Rilmenidine in patients with left ventricular hypertrophy: beyond the reduction of left ventricular mass.

It is generally accepted that the development of left ventricular hypertrophy (LVH) represents a multifactorial phenomenon that also involves neurohormonal mechanisms. This finding may account for the ability of angiotensin-converting enzyme inhibitors to induce faster and more complete reversal of LVH than that observed with other antihypertensive treatments. The sympathetic system is also involved in the genesis of hypertension-induced LVH. We assessed the effects of satisfactory long-term treatment with rilmenidine, a new oxazoline with a potent antihypertensive action, on cardiovascular structural abnormalities and cardiac endocrine function in hypertensive patients with left ventricular hypertrophy. Eleven patients underwent M-mode and two-dimensional Doppler echocardiography, peripheral pulsed Doppler flowmetry, determination of plasma atrial natriuretic factor [(ANF) pg/ml] and renin activity, and 24-h urine electrolyte excretion under control conditions, after 4 weeks of blood pressure normalization, after 1 year of satisfactory antihypertensive treatment and, finally, 4 weeks after therapy withdrawal. I.VH (g/m2 body surface area) was reversed after 1-year treatment (from 152 +/- 5 to 131 +/- 4, p < 0.05). One-year treatment induced an improvement in brachial artery compliance (cm4/dyne.10(7)) (from 0.92 +/- 0.06 to 1.16 +/- 0.08, p < 0.05) that persisted after withdrawal of treatment (1.17 +/- 0.06, p < 0.05).
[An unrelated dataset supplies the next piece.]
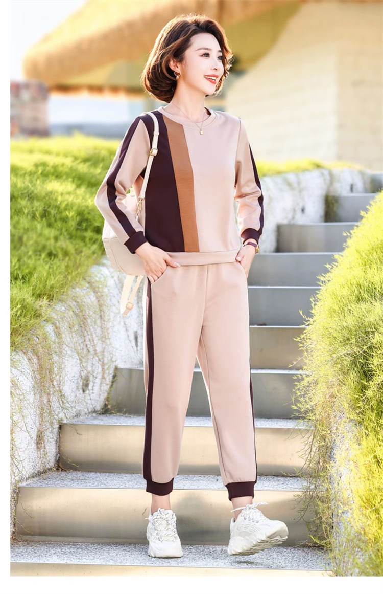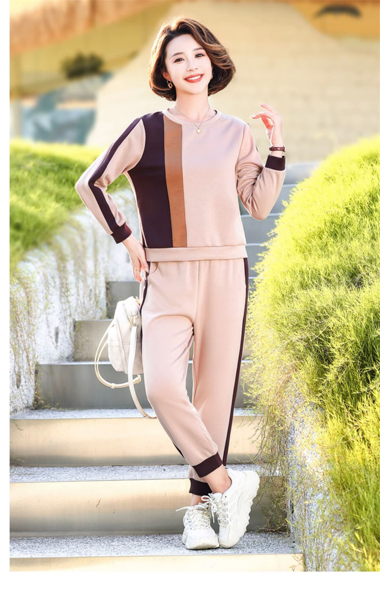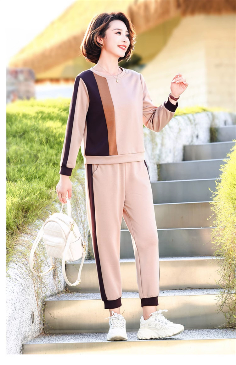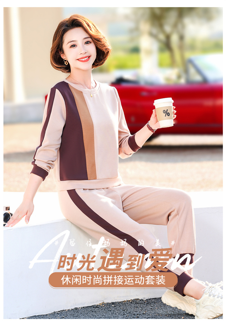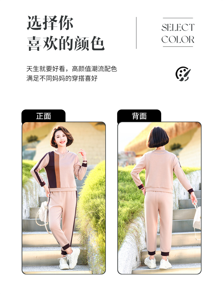 商品名称:靓婆婆中年妈妈秋装运动两件套装2024新款洋气上衣中老年女时尚休闲卫衣

Plasma renin activity and urinary electrolyte excretion did not change throughout the study, whereas ANF remained unchanged after blood pressure normalization (48.4 +/- 6.2 versus 44.7 +/- 2.9, NS), fell after reversal of LVH (28.6 +/- 3.4, p < 0.05), and remained significantly lower than under control conditions after therapy withdrawal (27.5 +/- 2.9, p < 0.05). These results demonstrate that a satisfactory long-term antihypertensive treatment with rilmenidine is able to reverse cardiovascular structural changes and to restore cardiac endocrine function.